Retype, without changes, every line from the line that contains "Peletová kamna s" through the final line of the records. Exclude pictures.
-- Opening Marker --
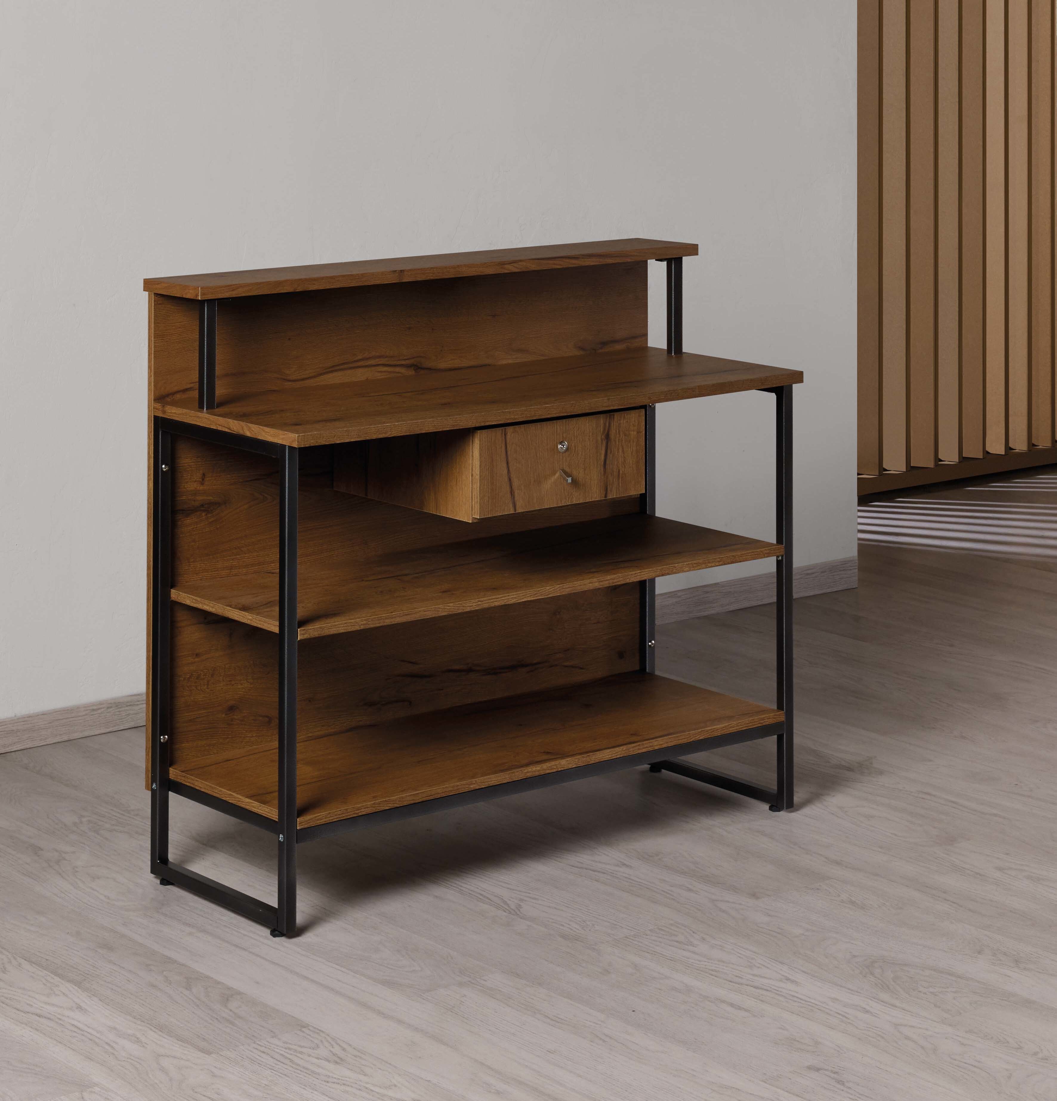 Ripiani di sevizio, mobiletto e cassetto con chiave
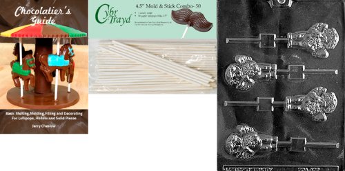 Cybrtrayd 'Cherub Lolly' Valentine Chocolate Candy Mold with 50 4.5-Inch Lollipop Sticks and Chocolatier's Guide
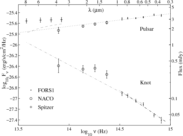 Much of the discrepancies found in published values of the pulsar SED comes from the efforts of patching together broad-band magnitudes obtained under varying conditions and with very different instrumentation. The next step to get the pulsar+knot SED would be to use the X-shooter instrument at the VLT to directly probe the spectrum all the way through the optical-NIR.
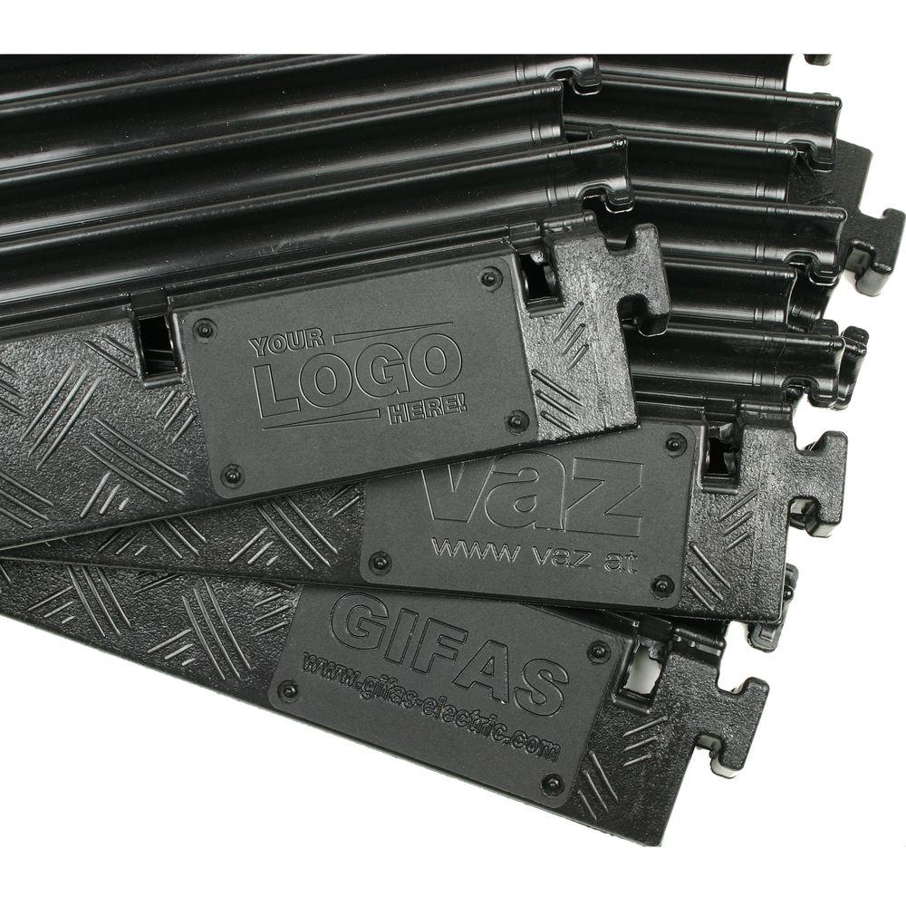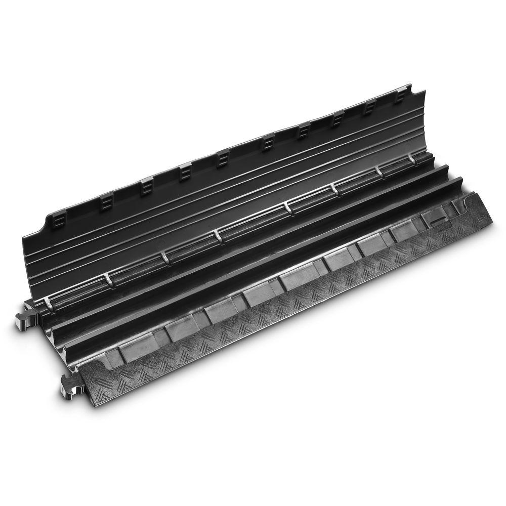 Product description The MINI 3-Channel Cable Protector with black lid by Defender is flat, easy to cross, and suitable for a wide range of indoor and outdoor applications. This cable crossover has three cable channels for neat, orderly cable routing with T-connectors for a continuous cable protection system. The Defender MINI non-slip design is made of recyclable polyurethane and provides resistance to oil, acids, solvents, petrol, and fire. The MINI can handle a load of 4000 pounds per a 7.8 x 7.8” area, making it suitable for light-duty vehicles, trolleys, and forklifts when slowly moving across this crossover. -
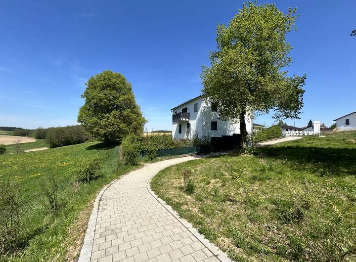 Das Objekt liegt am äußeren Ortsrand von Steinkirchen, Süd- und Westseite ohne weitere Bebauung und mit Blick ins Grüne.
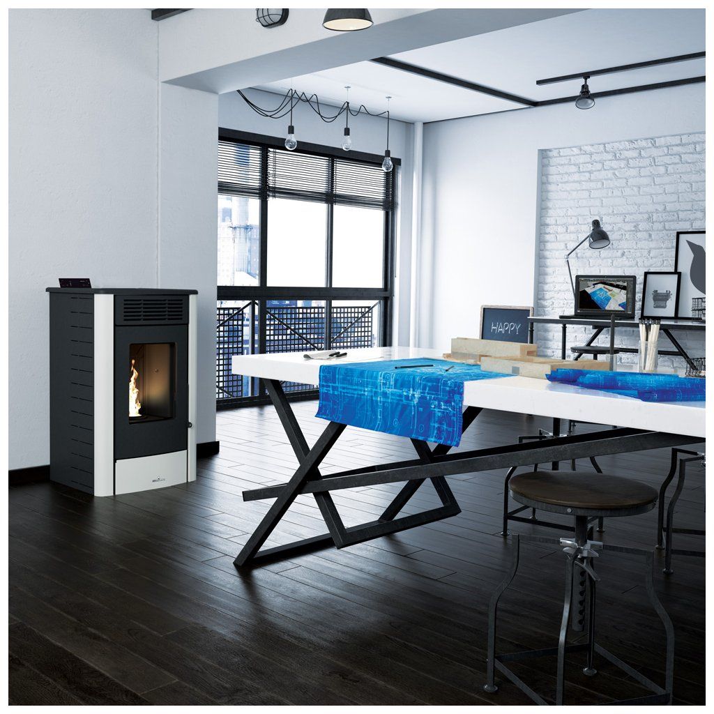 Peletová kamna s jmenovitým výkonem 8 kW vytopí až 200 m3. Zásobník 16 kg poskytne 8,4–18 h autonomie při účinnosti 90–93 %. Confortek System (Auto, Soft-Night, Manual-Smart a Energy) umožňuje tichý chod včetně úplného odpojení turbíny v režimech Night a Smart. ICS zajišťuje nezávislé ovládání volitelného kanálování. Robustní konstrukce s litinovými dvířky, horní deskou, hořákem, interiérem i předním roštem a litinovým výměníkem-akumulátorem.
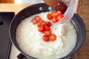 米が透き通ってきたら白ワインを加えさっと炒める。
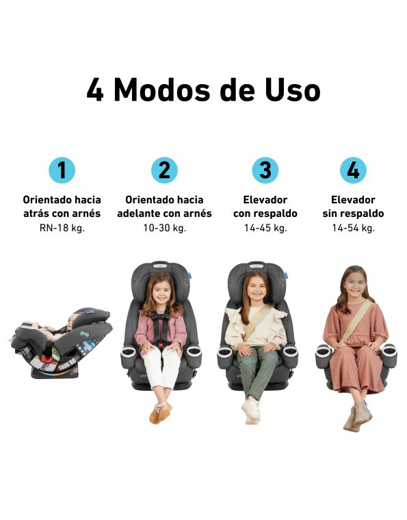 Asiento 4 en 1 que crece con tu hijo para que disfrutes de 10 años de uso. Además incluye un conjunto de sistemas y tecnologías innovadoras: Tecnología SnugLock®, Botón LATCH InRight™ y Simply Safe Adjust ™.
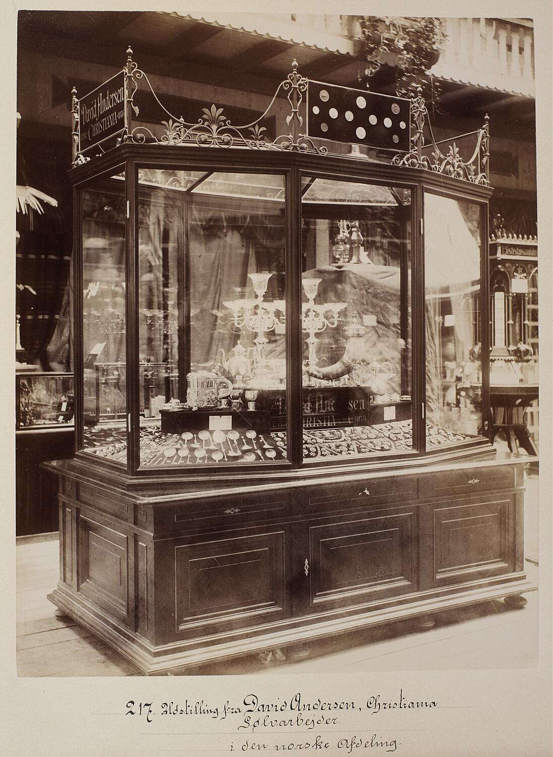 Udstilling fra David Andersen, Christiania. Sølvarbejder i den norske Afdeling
-- Closing Marker --
TASK OUTPUT:
 Peletová kamna s jmenovitým výkonem 8 kW vytopí až 200 m3. Zásobník 16 kg poskytne 8,4–18 h autonomie při účinnosti 90–93 %. Confortek System (Auto, Soft-Night, Manual-Smart a Energy) umožňuje tichý chod včetně úplného odpojení turbíny v režimech Night a Smart. ICS zajišťuje nezávislé ovládání volitelného kanálování. Robustní konstrukce s litinovými dvířky, horní deskou, hořákem, interiérem i předním roštem a litinovým výměníkem-akumulátorem.
 米が透き通ってきたら白ワインを加えさっと炒める。
 Asiento 4 en 1 que crece con tu hijo para que disfrutes de 10 años de uso. Además incluye un conjunto de sistemas y tecnologías innovadoras: Tecnología SnugLock®, Botón LATCH InRight™ y Simply Safe Adjust ™.
 Udstilling fra David Andersen, Christiania. Sølvarbejder i den norske Afdeling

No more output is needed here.